**How to complete this task**
Since the listing below shows pictures, leave them out and write out exactly the lines from the line with "A képen egy" to the line with "Based on a comparison", both included, and no others.

[Material to process Boundary: Start]

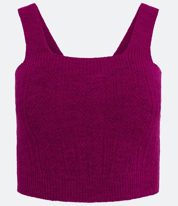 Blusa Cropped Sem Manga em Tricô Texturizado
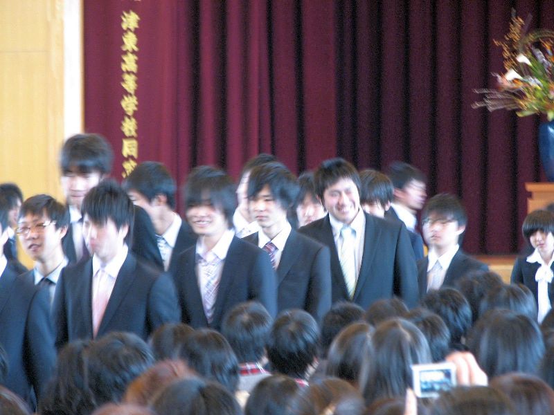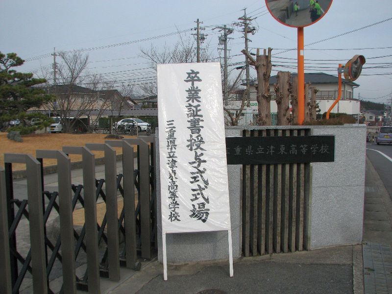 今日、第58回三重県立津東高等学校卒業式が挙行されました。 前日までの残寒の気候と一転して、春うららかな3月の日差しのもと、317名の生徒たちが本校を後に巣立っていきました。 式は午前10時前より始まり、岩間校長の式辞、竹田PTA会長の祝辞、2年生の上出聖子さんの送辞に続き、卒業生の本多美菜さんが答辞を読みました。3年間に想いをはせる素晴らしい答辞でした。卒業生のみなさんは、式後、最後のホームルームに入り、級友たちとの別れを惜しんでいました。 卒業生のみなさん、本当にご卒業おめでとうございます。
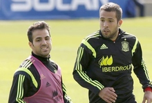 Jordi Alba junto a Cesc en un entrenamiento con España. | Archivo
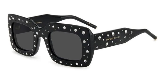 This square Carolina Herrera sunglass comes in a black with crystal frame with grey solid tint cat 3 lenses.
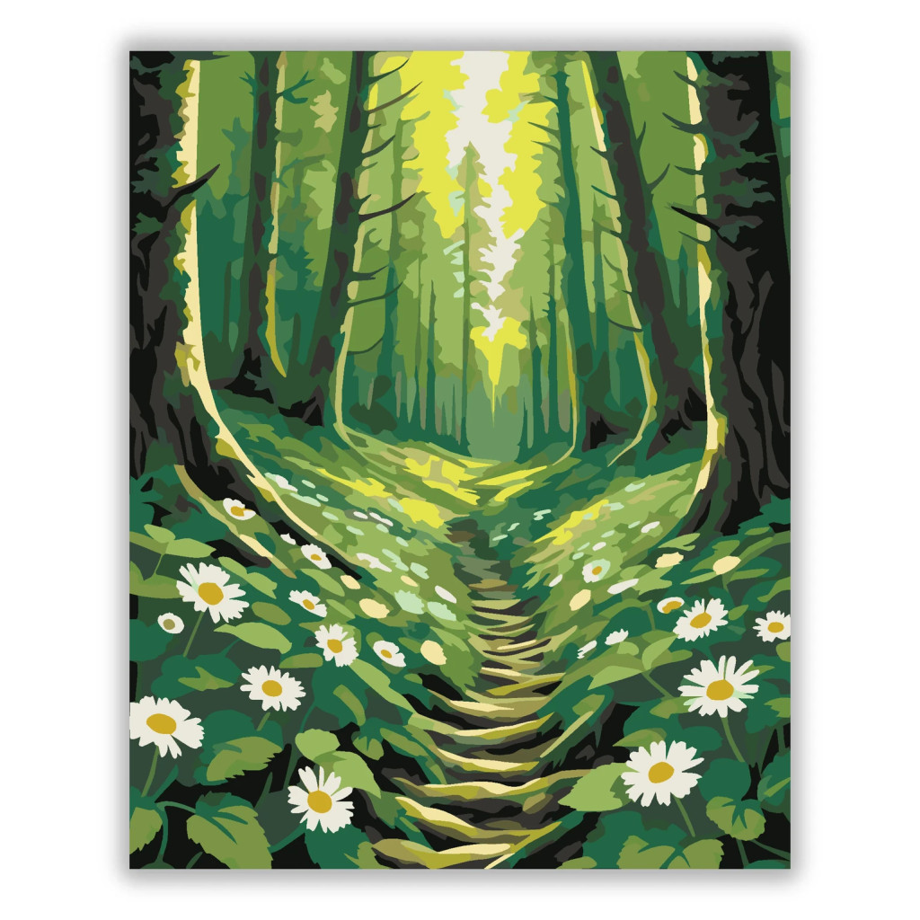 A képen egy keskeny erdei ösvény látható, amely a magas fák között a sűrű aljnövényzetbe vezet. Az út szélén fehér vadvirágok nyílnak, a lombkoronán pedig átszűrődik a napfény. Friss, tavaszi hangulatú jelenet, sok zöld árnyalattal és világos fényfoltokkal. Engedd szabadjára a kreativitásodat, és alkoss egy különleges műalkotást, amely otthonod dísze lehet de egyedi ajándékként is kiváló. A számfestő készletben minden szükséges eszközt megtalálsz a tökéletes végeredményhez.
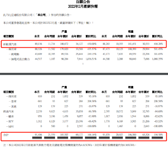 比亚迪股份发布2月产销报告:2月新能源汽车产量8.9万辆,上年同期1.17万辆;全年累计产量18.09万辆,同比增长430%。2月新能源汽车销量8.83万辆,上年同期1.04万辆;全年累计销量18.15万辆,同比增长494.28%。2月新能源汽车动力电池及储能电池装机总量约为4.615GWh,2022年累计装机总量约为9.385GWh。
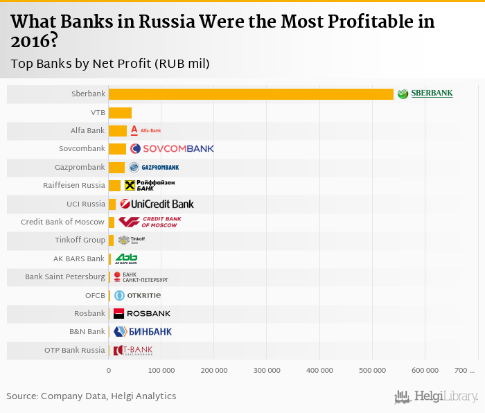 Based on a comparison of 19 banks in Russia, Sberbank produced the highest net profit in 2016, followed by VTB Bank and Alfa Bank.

[Material to process Boundary: End]
[Material to process Boundary: Start]

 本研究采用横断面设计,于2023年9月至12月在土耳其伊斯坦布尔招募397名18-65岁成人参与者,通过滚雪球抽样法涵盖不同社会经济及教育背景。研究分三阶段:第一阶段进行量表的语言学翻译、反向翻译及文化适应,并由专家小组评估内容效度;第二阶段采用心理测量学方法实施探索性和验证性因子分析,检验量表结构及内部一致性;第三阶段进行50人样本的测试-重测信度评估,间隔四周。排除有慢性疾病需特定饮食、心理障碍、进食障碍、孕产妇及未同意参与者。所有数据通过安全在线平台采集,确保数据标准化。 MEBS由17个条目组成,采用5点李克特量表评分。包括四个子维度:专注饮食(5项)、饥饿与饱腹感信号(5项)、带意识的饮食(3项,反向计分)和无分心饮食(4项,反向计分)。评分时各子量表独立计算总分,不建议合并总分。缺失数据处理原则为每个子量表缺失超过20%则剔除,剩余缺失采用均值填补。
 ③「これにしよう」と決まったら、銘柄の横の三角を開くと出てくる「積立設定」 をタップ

[Material to process Boundary: End]

**Result for this exercise**
 A képen egy keskeny erdei ösvény látható, amely a magas fák között a sűrű aljnövényzetbe vezet. Az út szélén fehér vadvirágok nyílnak, a lombkoronán pedig átszűrődik a napfény. Friss, tavaszi hangulatú jelenet, sok zöld árnyalattal és világos fényfoltokkal. Engedd szabadjára a kreativitásodat, és alkoss egy különleges műalkotást, amely otthonod dísze lehet de egyedi ajándékként is kiváló. A számfestő készletben minden szükséges eszközt megtalálsz a tökéletes végeredményhez.
 比亚迪股份发布2月产销报告:2月新能源汽车产量8.9万辆,上年同期1.17万辆;全年累计产量18.09万辆,同比增长430%。2月新能源汽车销量8.83万辆,上年同期1.04万辆;全年累计销量18.15万辆,同比增长494.28%。2月新能源汽车动力电池及储能电池装机总量约为4.615GWh,2022年累计装机总量约为9.385GWh。
 Based on a comparison of 19 banks in Russia, Sberbank produced the highest net profit in 2016, followed by VTB Bank and Alfa Bank.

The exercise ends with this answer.